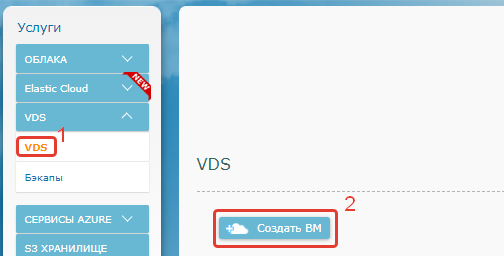 1. В разделе "Услуги" портала cp.oblakoteka.ru кликните по строке "VDS", затем "Создать ВМ":
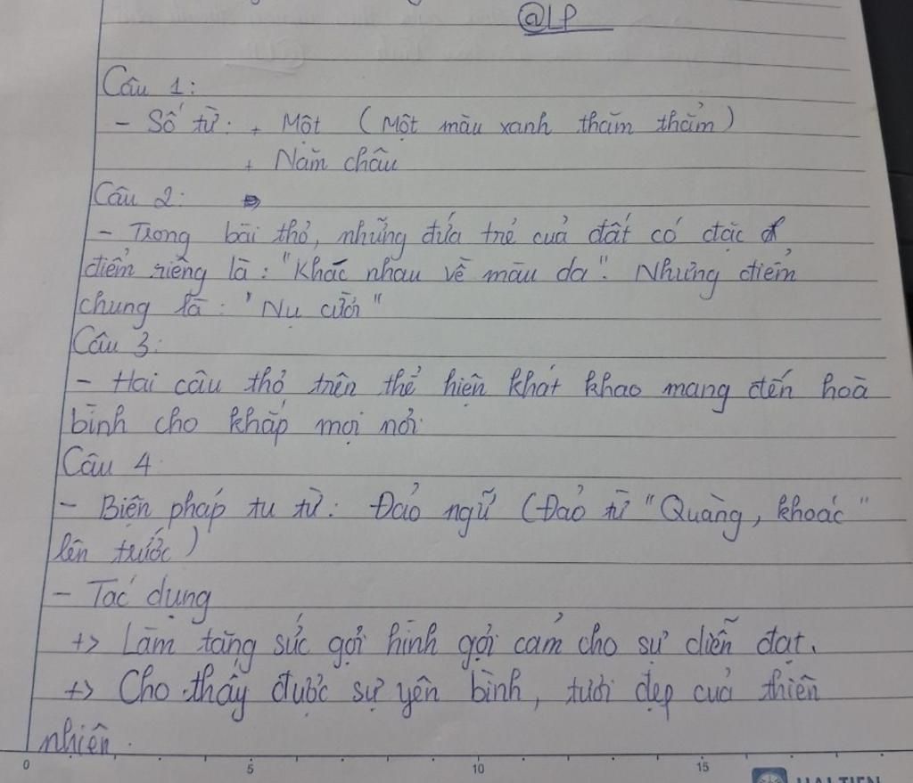Câu 5: Tại sao nhân vật "em" trong bài thơ lại có mong ước: "Mong trái đất hòa bình / Đừng bao giờ chiến tranh"
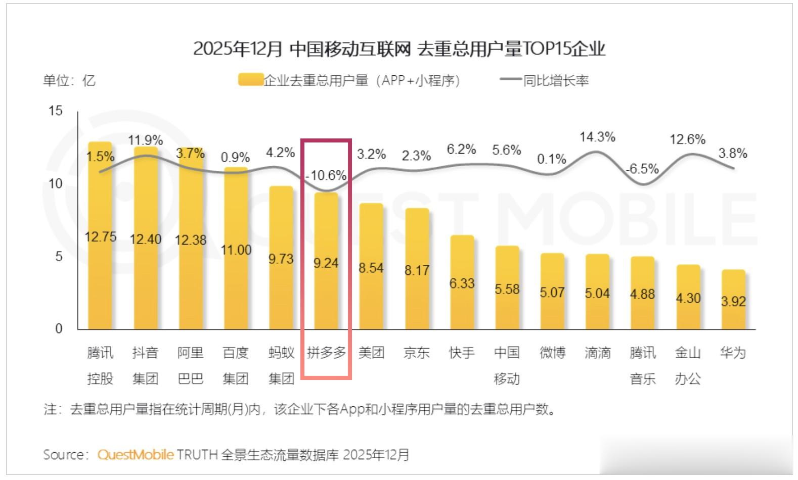 QuestMobile在发布的《2025中国移动互联网年度大报告》里给出了一组非常清晰的数据。截至2025年12月,国内移动互联网整体流量依然保持着稳步增长的态势。大家上网的时间变长了,使用的软件也变多了。但在这样一个向好的大环境里,拼多多的去重总用户量降到了9.24亿。和上一年的同期相比,这个数字整整下降了10.6%。在所有排名前十的互联网大厂中,拼多多是唯独一家用户规模出现明显负增长的企业。
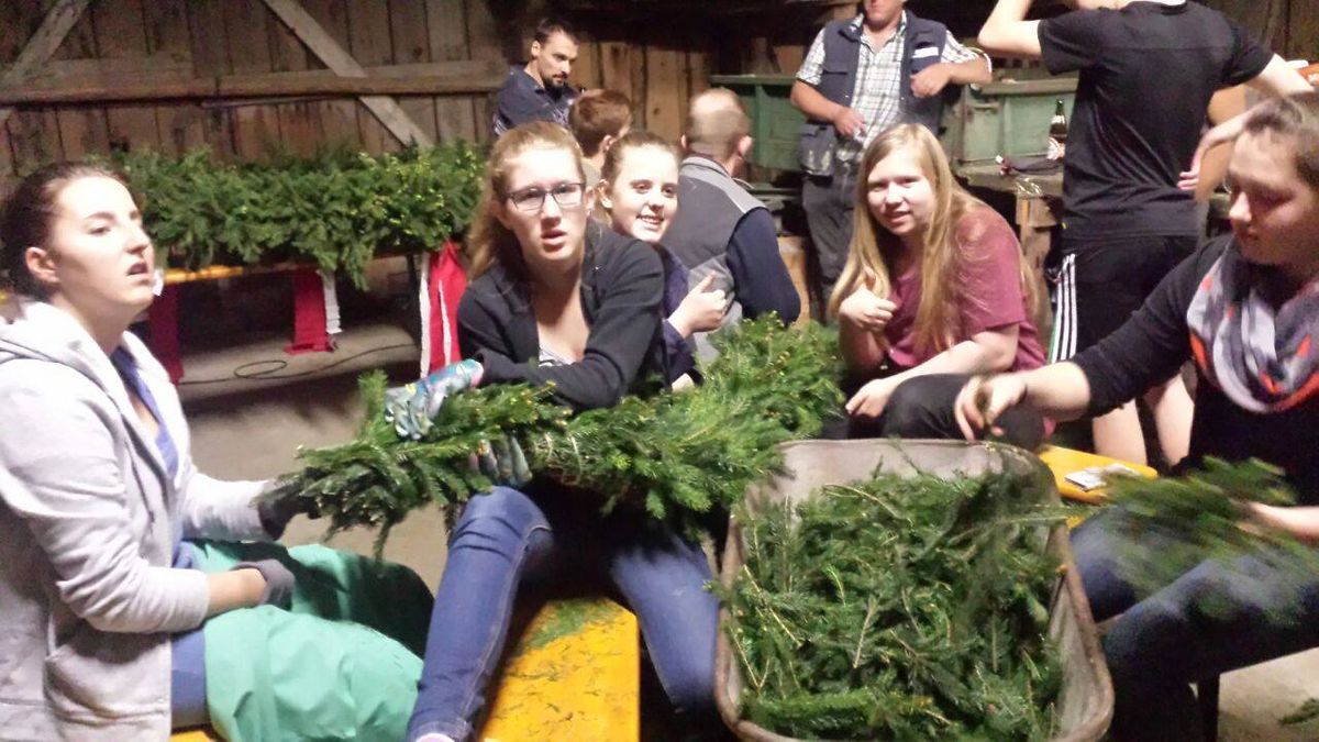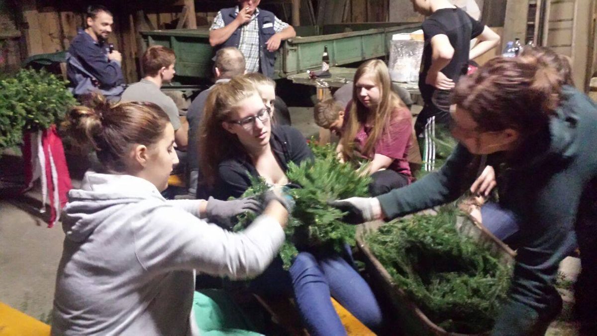 Kranz flechten für den Maibaum

== WHAT THE TASK ASKS ==
Word for word, restate all of the data, but do not copy the pictures.

== THE ANSWER ==
 1. В разделе "Услуги" портала cp.oblakoteka.ru кликните по строке "VDS", затем "Создать ВМ":
Câu 5: Tại sao nhân vật "em" trong bài thơ lại có mong ước: "Mong trái đất hòa bình / Đừng bao giờ chiến tranh"
 QuestMobile在发布的《2025中国移动互联网年度大报告》里给出了一组非常清晰的数据。截至2025年12月,国内移动互联网整体流量依然保持着稳步增长的态势。大家上网的时间变长了,使用的软件也变多了。但在这样一个向好的大环境里,拼多多的去重总用户量降到了9.24亿。和上一年的同期相比,这个数字整整下降了10.6%。在所有排名前十的互联网大厂中,拼多多是唯独一家用户规模出现明显负增长的企业。
 Kranz flechten für den Maibaum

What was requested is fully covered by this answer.